## TASK PROMPT
Transcribe nothing except the lines below that run from the one with "Light Pink Sapphire" to the one with "Litho Stolberg im", ends included, and do not copy any picture.
>>>>>
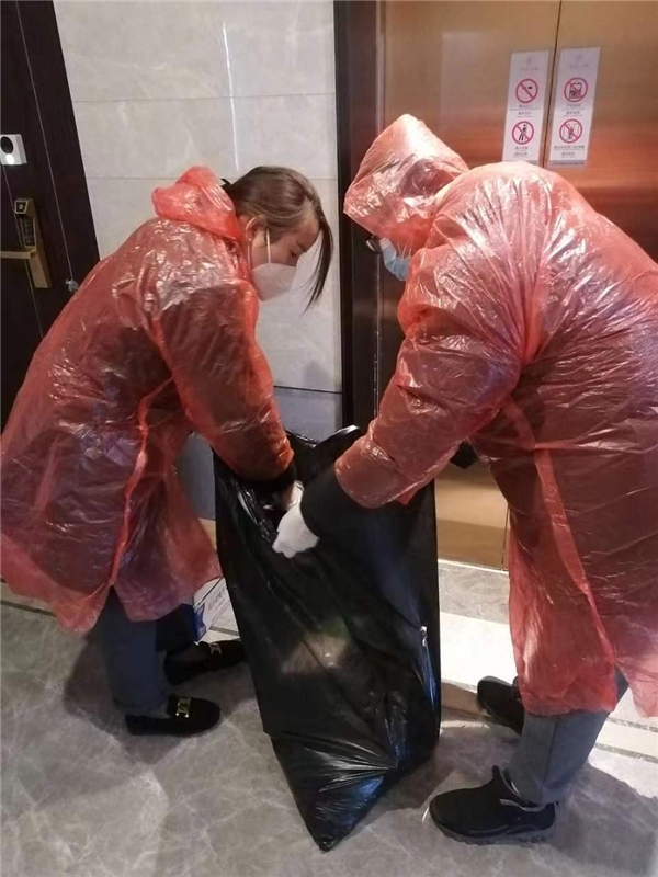 售后人員及管家為“陽性”居家隔離業(yè)主收取生活垃圾
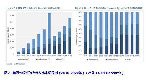 從2012年開始,發(fā)電業(yè)務用百萬瓦級光伏電站的比例在美國市場就占了50%以上,預計2015~2016年,該領域的比例將提高至約60%。GTM Research預測,其中2015年發(fā)電業(yè)務用將達到約4GW,2016年將達到近8GW。
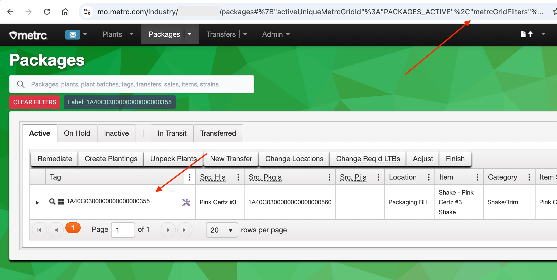 When using T3, everything in Metrc has its own link. Apply filters to any Metrc table, then use the current URL to re-apply all existing filters.
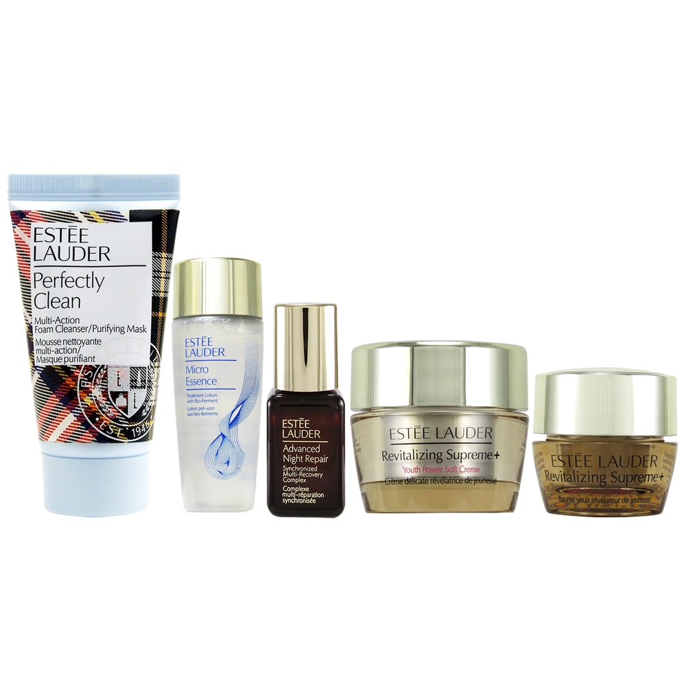 【Estee Lauder 雅詩蘭黛】 年輕煥采旅行組(細緻潔面乳30ml+微分子原生露30ml+特潤修護露7ml+年輕無敵膠原眼霜5ml+年輕無敵膠原霜15ml)
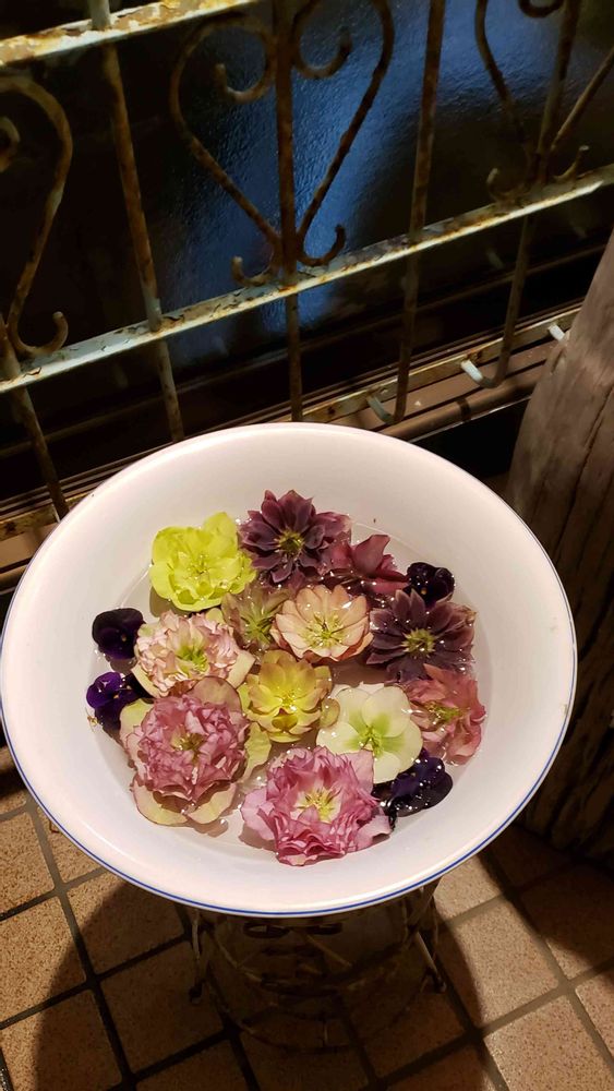 庭で咲くクリスマスローズを摘んで 玄関での水鉢を楽しんです🎵
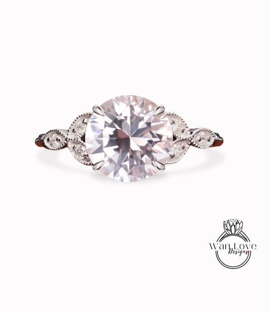 Light Pink Sapphire & Diamonds Round Leaf Antique Cluster Engagement Ring Engraved Milgrain or Smooth 14kt 18kt Gold Platinum Custom Wedding
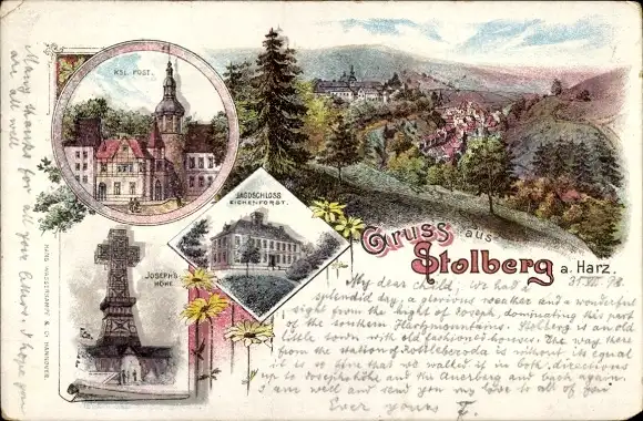 Litho Stolberg im Harz, Panorama, Kaiserliche Post, Jagdschloss Eichenforst, Josephshöhe
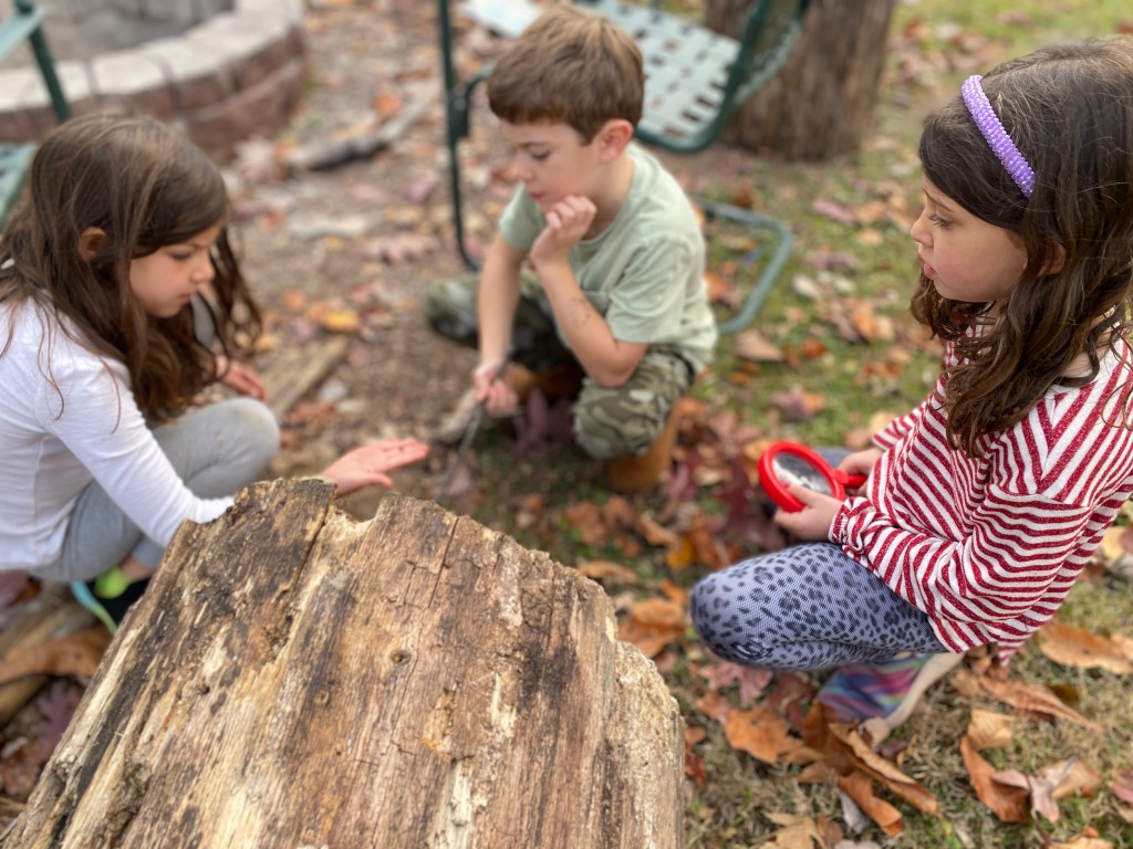 Some learners waste no time in turning over the giant logs surrounding the fire pit or rocks outlining the gardens. After having laid undisturbed for a week, these spots teem with new critters. Finding a stag beetle or two is all but guaranteed year-round, but the children marvel when they unearth the occasional centipede or spot a woodpecker. Last week, they found a salamander guarding its tiny, translucent eggs.
<<<<<
## THE COMPLETED TASK
 Light Pink Sapphire & Diamonds Round Leaf Antique Cluster Engagement Ring Engraved Milgrain or Smooth 14kt 18kt Gold Platinum Custom Wedding
 Litho Stolberg im Harz, Panorama, Kaiserliche Post, Jagdschloss Eichenforst, Josephshöhe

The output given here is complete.